§ **Given material**

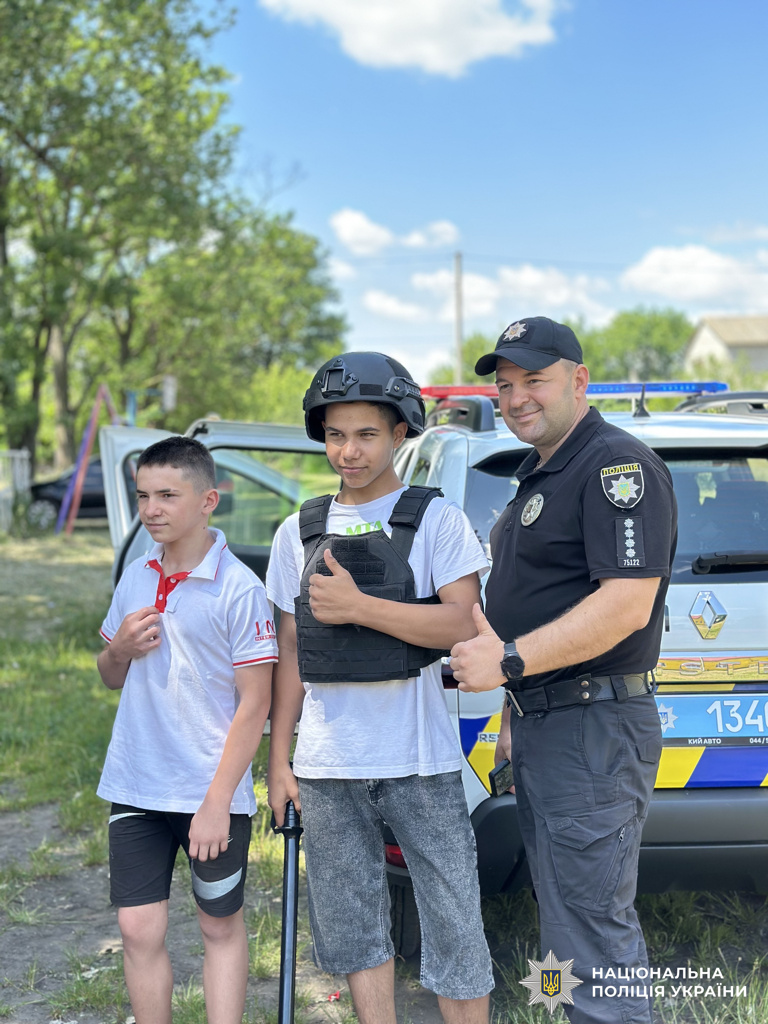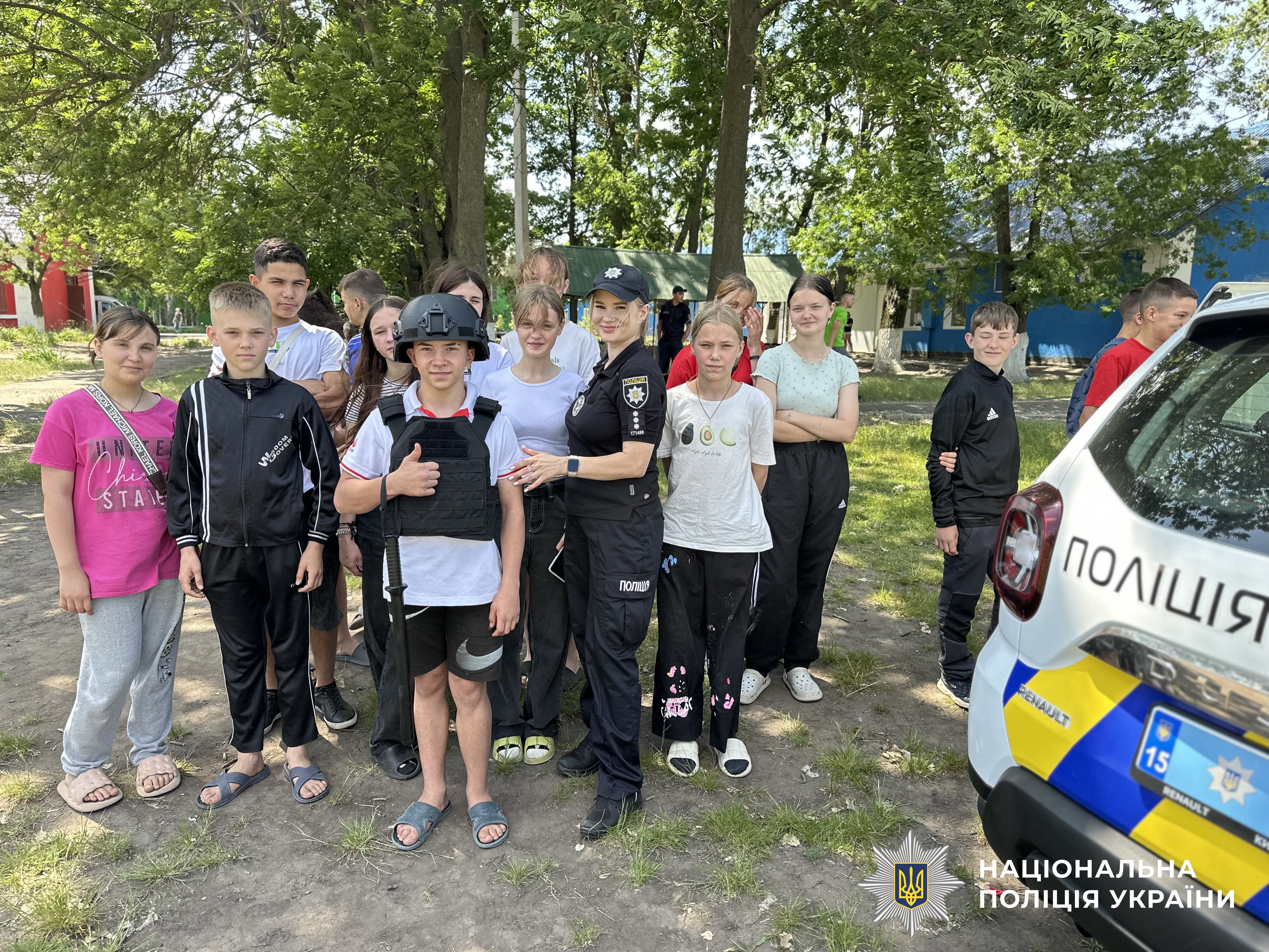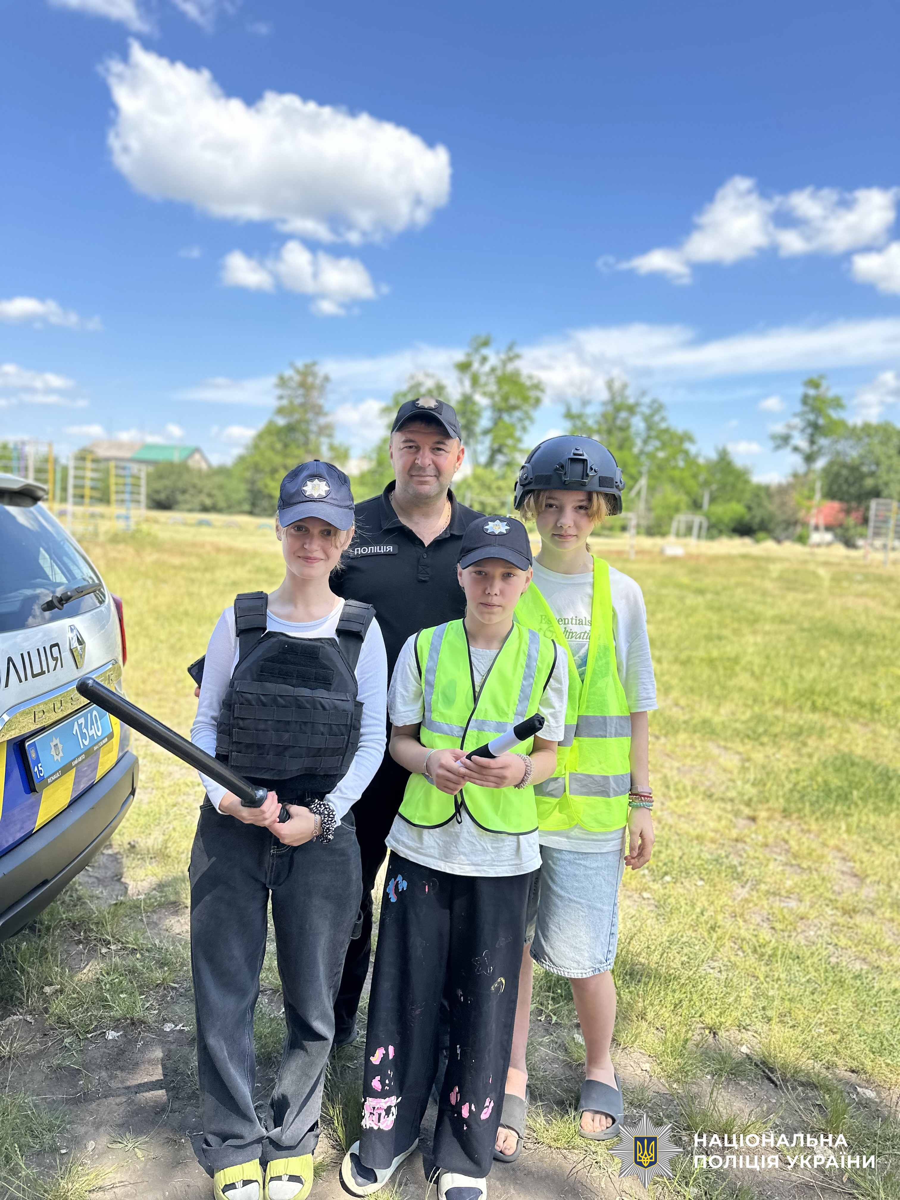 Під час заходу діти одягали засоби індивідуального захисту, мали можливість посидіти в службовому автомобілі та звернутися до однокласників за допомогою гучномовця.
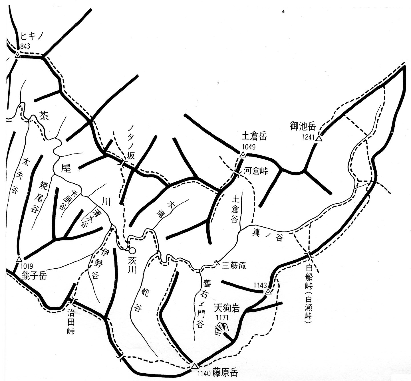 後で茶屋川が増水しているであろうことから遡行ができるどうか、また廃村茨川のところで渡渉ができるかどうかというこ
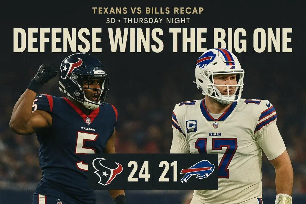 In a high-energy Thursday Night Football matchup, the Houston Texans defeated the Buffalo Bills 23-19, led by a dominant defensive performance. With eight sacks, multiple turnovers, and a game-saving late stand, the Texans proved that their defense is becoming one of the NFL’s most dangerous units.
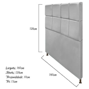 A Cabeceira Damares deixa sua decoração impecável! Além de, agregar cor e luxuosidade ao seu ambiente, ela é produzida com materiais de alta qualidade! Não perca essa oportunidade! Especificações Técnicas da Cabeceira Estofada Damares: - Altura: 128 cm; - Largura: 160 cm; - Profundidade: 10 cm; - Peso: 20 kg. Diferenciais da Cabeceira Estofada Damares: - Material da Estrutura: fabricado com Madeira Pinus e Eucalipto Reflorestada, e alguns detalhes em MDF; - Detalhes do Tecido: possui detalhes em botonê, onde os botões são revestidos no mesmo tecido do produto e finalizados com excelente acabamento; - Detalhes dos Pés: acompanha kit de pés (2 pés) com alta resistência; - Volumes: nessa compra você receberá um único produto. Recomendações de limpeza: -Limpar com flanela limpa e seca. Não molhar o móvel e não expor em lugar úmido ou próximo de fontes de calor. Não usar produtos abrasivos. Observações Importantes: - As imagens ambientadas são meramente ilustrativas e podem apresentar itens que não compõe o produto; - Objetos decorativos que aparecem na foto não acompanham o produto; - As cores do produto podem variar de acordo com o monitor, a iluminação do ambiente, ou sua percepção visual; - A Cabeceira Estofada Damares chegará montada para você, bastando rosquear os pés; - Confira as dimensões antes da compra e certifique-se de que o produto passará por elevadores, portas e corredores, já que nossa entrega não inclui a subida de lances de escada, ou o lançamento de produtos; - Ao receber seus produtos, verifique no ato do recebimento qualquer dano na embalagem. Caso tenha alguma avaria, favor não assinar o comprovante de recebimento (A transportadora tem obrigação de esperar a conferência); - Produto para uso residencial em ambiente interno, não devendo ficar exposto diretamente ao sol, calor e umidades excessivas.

§ **What to do**
Where pictures appear, drop them, and reproduce exactly only the lines running from the beginning of the data to the line that contains "In a high-energy", inclusive.

§ **Exercise result**
 Під час заходу діти одягали засоби індивідуального захисту, мали можливість посидіти в службовому автомобілі та звернутися до однокласників за допомогою гучномовця.
 後で茶屋川が増水しているであろうことから遡行ができるどうか、また廃村茨川のところで渡渉ができるかどうかというこ
 In a high-energy Thursday Night Football matchup, the Houston Texans defeated the Buffalo Bills 23-19, led by a dominant defensive performance. With eight sacks, multiple turnovers, and a game-saving late stand, the Texans proved that their defense is becoming one of the NFL’s most dangerous units.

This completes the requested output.